Material to process:
:::::

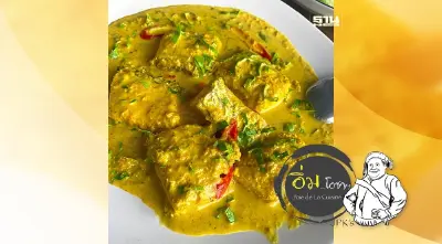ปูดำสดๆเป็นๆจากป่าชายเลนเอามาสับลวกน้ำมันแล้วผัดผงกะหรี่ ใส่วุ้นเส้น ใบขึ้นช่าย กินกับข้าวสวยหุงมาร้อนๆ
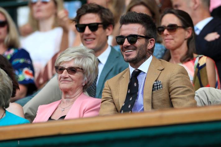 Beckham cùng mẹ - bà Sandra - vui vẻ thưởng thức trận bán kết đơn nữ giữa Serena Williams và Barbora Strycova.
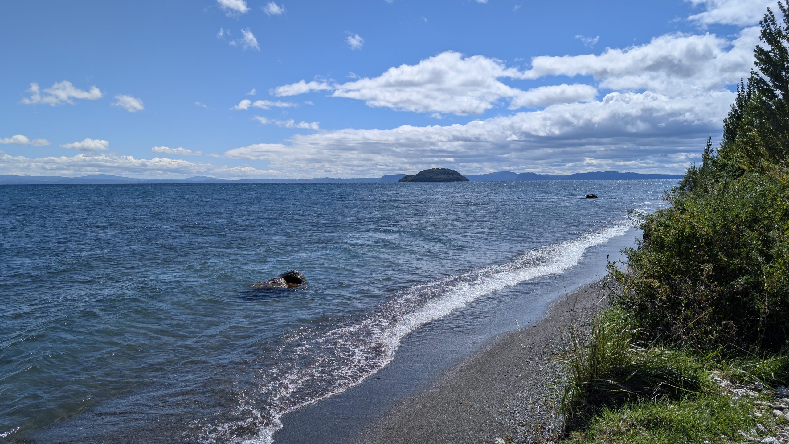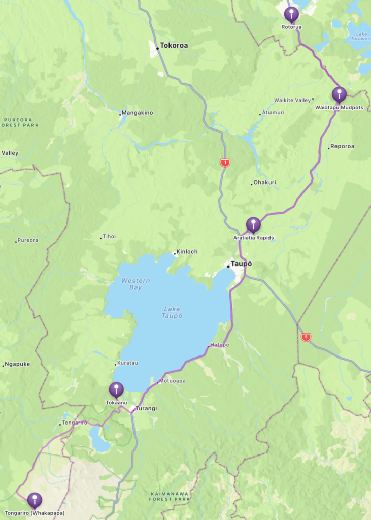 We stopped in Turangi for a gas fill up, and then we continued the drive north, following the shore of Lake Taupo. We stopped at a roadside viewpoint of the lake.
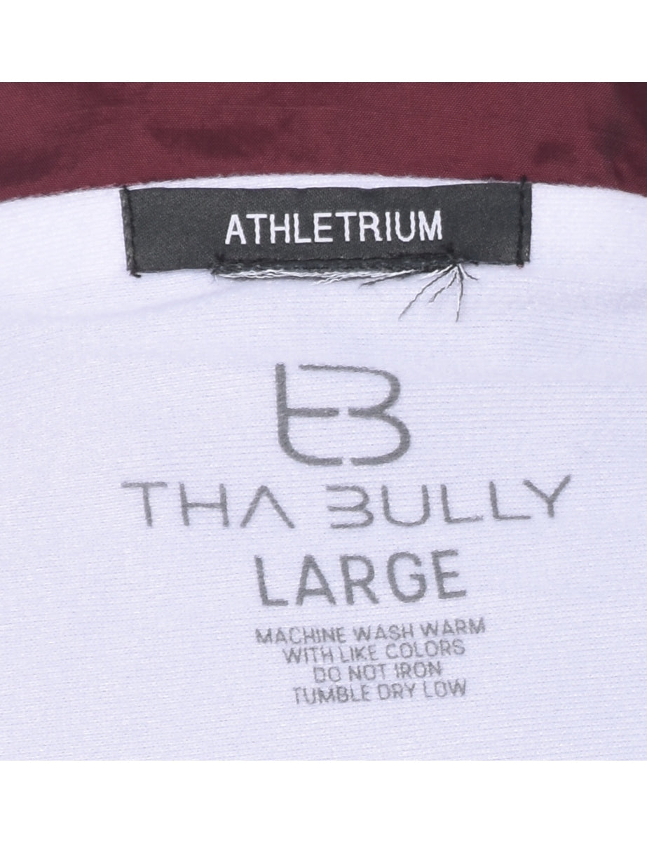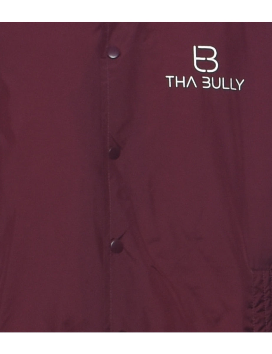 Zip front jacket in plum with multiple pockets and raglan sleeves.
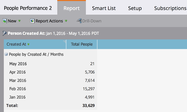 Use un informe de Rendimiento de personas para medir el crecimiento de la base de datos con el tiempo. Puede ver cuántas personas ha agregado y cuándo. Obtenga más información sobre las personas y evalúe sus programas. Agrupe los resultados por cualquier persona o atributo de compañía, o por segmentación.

:::::

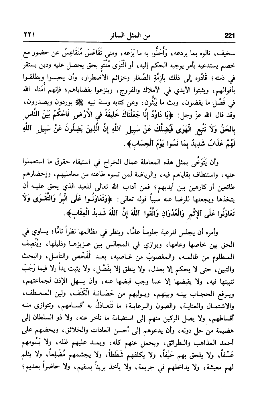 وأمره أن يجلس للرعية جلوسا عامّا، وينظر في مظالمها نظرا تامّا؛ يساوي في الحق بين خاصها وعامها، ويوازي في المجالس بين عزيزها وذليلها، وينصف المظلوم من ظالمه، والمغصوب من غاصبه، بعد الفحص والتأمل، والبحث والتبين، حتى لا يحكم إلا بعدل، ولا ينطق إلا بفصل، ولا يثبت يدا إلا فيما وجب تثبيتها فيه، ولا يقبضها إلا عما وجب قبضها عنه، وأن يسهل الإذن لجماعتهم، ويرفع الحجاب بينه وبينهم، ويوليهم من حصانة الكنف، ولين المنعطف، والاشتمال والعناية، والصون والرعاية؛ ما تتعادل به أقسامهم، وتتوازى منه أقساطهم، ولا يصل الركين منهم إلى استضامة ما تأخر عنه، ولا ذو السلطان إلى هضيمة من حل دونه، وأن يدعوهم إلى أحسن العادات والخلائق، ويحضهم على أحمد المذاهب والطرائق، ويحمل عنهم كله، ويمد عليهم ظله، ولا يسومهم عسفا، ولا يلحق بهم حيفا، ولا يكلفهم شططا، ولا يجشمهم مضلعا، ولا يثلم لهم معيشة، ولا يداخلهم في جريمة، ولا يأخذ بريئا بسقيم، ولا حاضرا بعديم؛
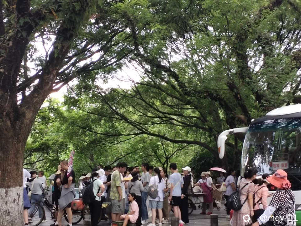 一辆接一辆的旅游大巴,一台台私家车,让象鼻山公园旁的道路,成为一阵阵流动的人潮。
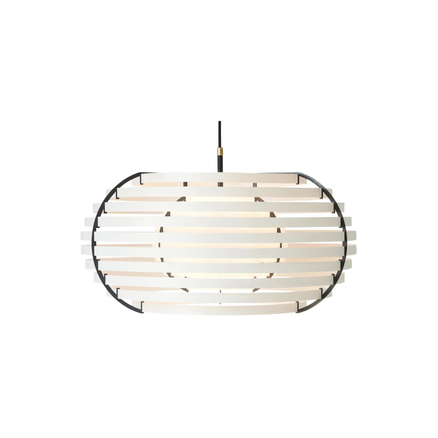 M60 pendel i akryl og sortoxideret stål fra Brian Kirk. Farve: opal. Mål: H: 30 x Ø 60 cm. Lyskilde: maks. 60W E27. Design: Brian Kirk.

:::::

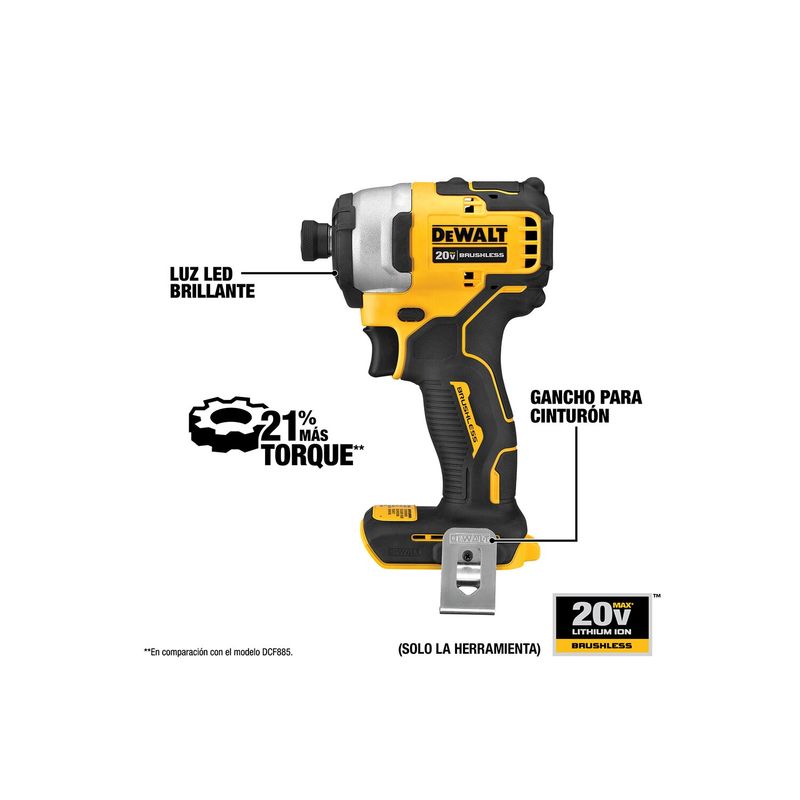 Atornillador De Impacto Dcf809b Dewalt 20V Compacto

:::::

What needs to be done:
Repeat exactly, and only, the entries from the line with "ใส่วุ้นเส้น ใบขึ้นช่าย กินกับข้าวสวยหุงมาร้อนๆ" through the line with "Zip front jacket". Pictures are skipped.

Exercise response:
ปูดำสดๆเป็นๆจากป่าชายเลนเอามาสับลวกน้ำมันแล้วผัดผงกะหรี่ ใส่วุ้นเส้น ใบขึ้นช่าย กินกับข้าวสวยหุงมาร้อนๆ
 Beckham cùng mẹ - bà Sandra - vui vẻ thưởng thức trận bán kết đơn nữ giữa Serena Williams và Barbora Strycova.
 We stopped in Turangi for a gas fill up, and then we continued the drive north, following the shore of Lake Taupo. We stopped at a roadside viewpoint of the lake.
 Zip front jacket in plum with multiple pockets and raglan sleeves.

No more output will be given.